Unfortunately, their version 1.0 software was awful and didn’t support most devices. I have an older laptop that I inherited from another employee, and it’s over 5 years old now. I wasn’t on their hardware compatibility list (HCL), and so I couldn’t give it a spin. I have always wanted to be able to replace Cygwin with a real Linux environment on my desktop, but I find that VMware Workstation is simply too clunky and slow for what I want. Now, in 2013, I heard XenClient mentioned again and thought I’d give it another shot. Surely Citrix has made several improvements since their 1.0 days, right?
Citrix and the naming disaster
Citrix has a serious, institutional issue with product naming. They constantly rename and rebrand core products, incorporate different suffixes and affixes (see: Xen), and have different versions of a product bear the same name. As a Citrix partner, it has been very frustrating at times, because it becomes very difficult to search for documentation and communicate effectively when the product names are shifting constantly or don’t represent the actual product. Anyone who has tried to research the Citrix Access Gateway and its various incarnations will know exactly what I mean.

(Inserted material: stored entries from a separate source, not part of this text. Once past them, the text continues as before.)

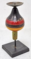 Antique Wooden Spinning Top Candle Holder Stand Original Old Lacquer Painted
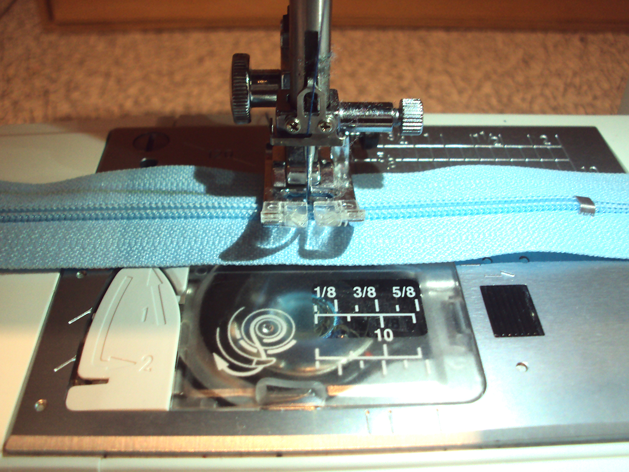 machine (I like to use a 90/14 needle for this process). Position the zip
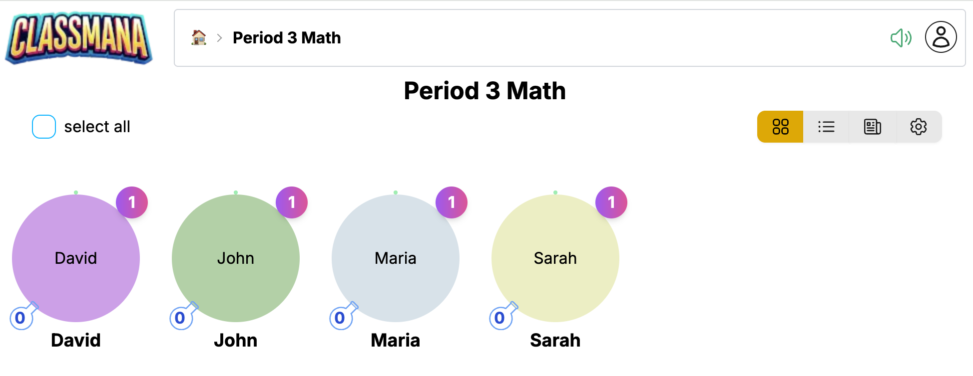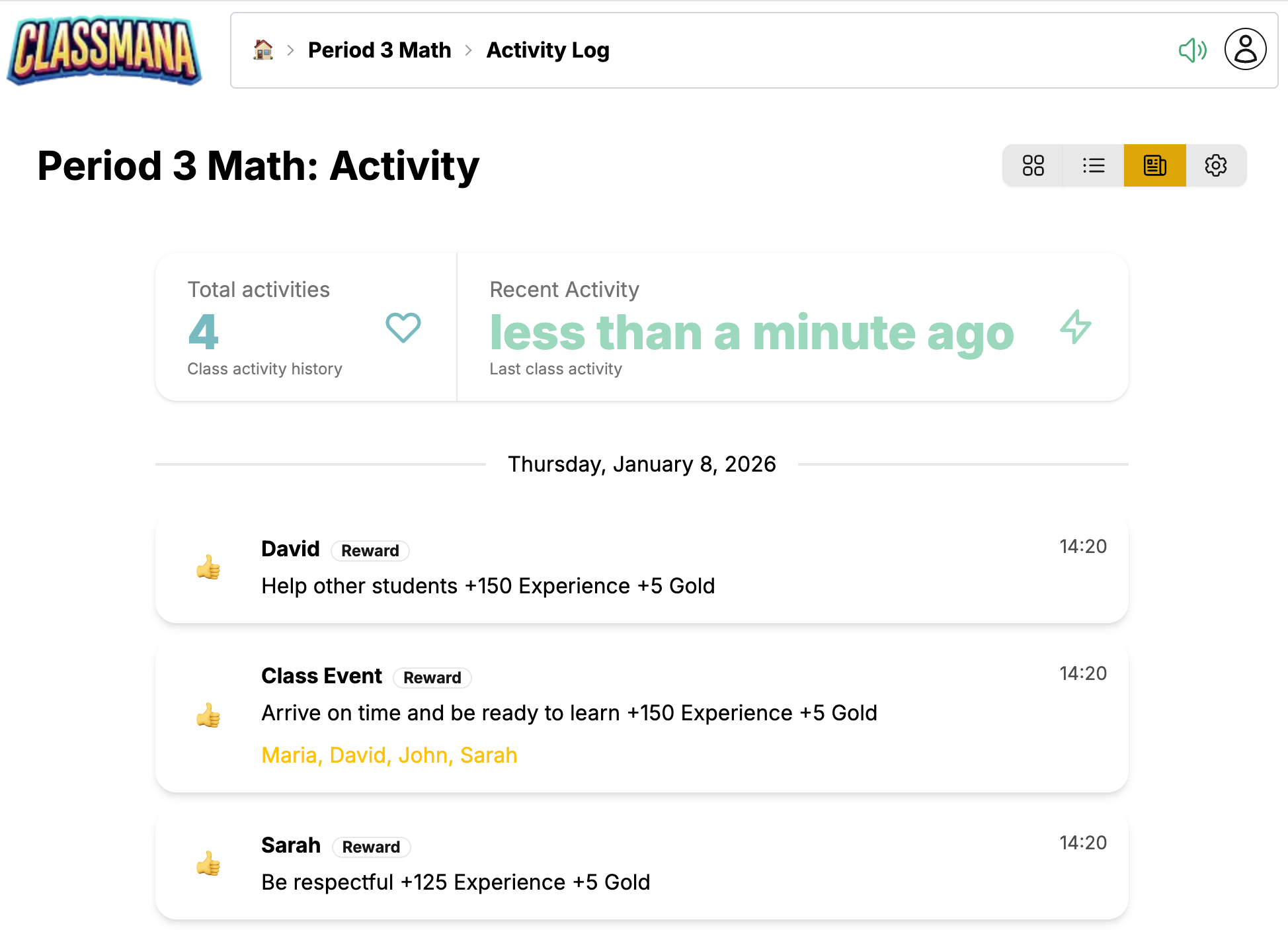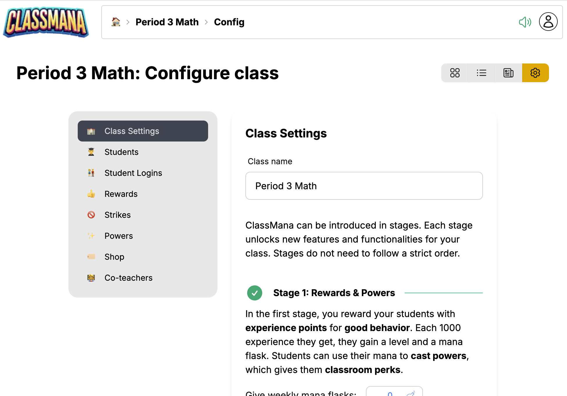 클래스 대시보드는 클래스를 관리하는 중앙 허브입니다. 여기서 학생을 보고, 보상을 주고, 파워를 사용하고, 활동을 추적하고, 클래스 설정을 구성할 수 있습니다.

It wouldn’t be the Citrix we know and love if this pattern didn’t continue to their XenClient platform. The whole issue is exacerbated by superannuated references on their website that reference old names, incorrectly name new products, and when all of their links always end up at the same page. From all of my research, it looks like there are 3 different versions of XenClient, although the naming structure is almost identical.
XenClient Enterprise 4.5 (XCE)
Locked-down and restricted version of XenClient (no SSH or root access)
Highly compatible with many, many laptops (including mine)
Designed for use with a managed Synchronizer server, but not required
Free for individual use
Due to restrictions in place, no options for Mac OS X and poor Linux support
None of the hotkeys for XenClient seemed to work in XCE
XenClient XT 3.0
Security-focused version of XenClient
NOT the successor to XenClient 2.1
I didn’t actually try this one due to bad reviews
This is the original evolution from the XenClient 1.0 platform
Poor support for older laptops and nVidia chipsets (both apply to my laptop)
Tons of features/options, including special flags for Mac OS X and Linux support
All of the cool hotkeys, SSH access, shell/root access
If you’re following along, there’s a 2.1 version, a 3.0 version, and a 4.5 version, all listed under XenClient, but that are all totally different products and unrelated to each other.
I ended up installing XCE 4.5, assuming that was the latest build of XenClient. Of course, this was the locked-down enterprise version that didn’t have any of the options I wanted. After some reading, I found that Citrix acquired Virtual Computer and merged it with XenClient to make XCE. The original XenClient was still stuck on version 2.1, which had been released over a year ago. I tried installing XenClient 2.1, but found that my laptop was still not compatible and I could only get it to run by disabling several features and turning off graphics acceleration. I actually couldn’t even install it via DVD (since my laptop’s optical drive is PATA not SATA), nor via USB thumb drive or USB CD-ROM (since it disables legacy USB support during install). I had to install the whole thing via HTTP using IIS from my Windows desktop!
It’s clear that XenClient Enterprise is where Citrix is taking XenClient in general, and it makes sense. Their customers want locked-down hypervisors where they can control the images that are deployed, and that’s what XCE brings to the table. The old XenClient, which let advanced users tinker with a Type 1 hypervisor on their laptop, was just a tech toy that has now evolved into a marketable product. Unless I buy a new laptop specifically with XenClient support, I’m out of luck. Even then, who knows if XenClient 2.1 will ever see another update? Maybe I’ll try again in 3 years and see if there have been any improvements.